Tuesday, January 8, 2013

Can't find 0x210 words (0x210 withtotal) for psect "swtext1" in segment "CONST"

Have you ever seen something like this:

Error [1347] ; 0. can't find 0x210 words (0x210 withtotal) for psect "swtext1" in segment "CONST" (largest unused contiguous range 0x100)

Well, I crashed my head over the table the whole morning playing with buffers sizes, defines, deleting functions etc... The linker kept giving me the above error. Then I searched and fount this thread. One cool thing about this thread is that it contains a pretty cool step-by-step on how to trace to the root of the problem:



The linker is saying "I was asked to place a section called swtext1 somewhere in the memory ranges defined by the class(segment) CONST. The largest contiguous chunk of memory I can find in these ranges is 100h words long, but the section I have to position is 210h words long. Help!"
A psect cannot be split, so this is what causes the difficulty. Imagine that there are 10 car spaces in a parking garage. You arrive there in your really long truck that needs two contiguous spaces for you to be able to park it. Although there are 10 free spaces, and you only need two, you will not find space to park your truck unless you can find two that are one behind the other--which is probably unlikely.
With these errors, always first look in the map file. You will notice that the definition for the CONST class will look something like:
-ACONST=00h-0FFhx16
which says that this range consists of 16 blocks, each of 100h words. (Just confirming the amount of memory that is available.) So if your section is 210h words long, it will never fit, even if none of this memory was used by other code. So what goes into the swtext1 segment? Look in the assembly list file. Search for this name and you will see it used with a PSECT directive. Look at the code following and see what C code it corresponds to.
This psect is not commonly used, but it is related to switch statements in your C program.
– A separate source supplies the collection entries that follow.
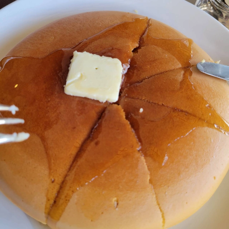 シロップやバターが生地まで浸透していくので、生地全体がそれらに浸されて口の中でずっと美味しかったです。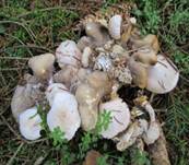 1-8 (10) cm Ø, weiß mit rosa Hauch, Mitte meist gebuckelt. Rand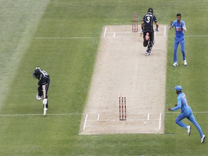 गुप्तीलनंतर किवी फलंदाजांनी तंबूत परतण्याचा सपाटा लावला. टॉम लॅथम आणि जिनी निशॅम हे लगेच माघारी परतले. त्यामुळे टीम इंडियानं सामन्यात पुनरागमन केले. जडेजानं क्षेत्ररक्षणात पुन्हा एकदा चपळता दाखवताना निशॅमला धावबाद केले. शार्दूलनं किवींना आखणी एक धक्का दिला. कॉलीन डी ग्रँडहोम स्वस्तात बाद झाला. मार्क चॅपमॅन (1)चा युजवेंद्र चहलनं स्वतःच्याच गोलंदाजीवर सुरेख झेल घेतला. चहलचा हा झेल पाहून कर्णधार कोहलीनंही आश्चर्य व्यक्त केलं. 1 बाद 142 वरून न्यूझीलंडची अवस्था 7 बाद 187 अशी दयनीय केली.

It is only used if you are using a direct switch, or the compiler has decided to use a direct switch encoding. You might see something like:
Code:



279 psect swtext1
280 0005 __pswtext1:
281 0005 S1832:
282 0005 3187 2FE4 ljmp l1808
283 0007 3187 2FE8 ljmp l1810
284 0009 3187 2FED ljmp l1812



so you now know that this psect holds the jumps to each case in the switch. (Look for the assembly that jumps to the label S1832, for example. You will see that comes from a switch statement.) If your psect has grown too large, then most likely you have too many cases in switch statement.
If the linker knew what was in the sections it was placing, it would tell you more information, but it is just a linker that puts boxes of code into memory. (c) Jeff O'Keefe Microchip Australian Design Center 

Another super cool thing is that it actually gives a solution:
Update: in case anyone hits the same issue.The Compiler may not always catch duplicate case statements. (c) Neil_K 
You know what? There were just two identical cases in my switch statement! Hail to the Internet, Google, and the guy who came back to the forum to post the solution (this almost never happens).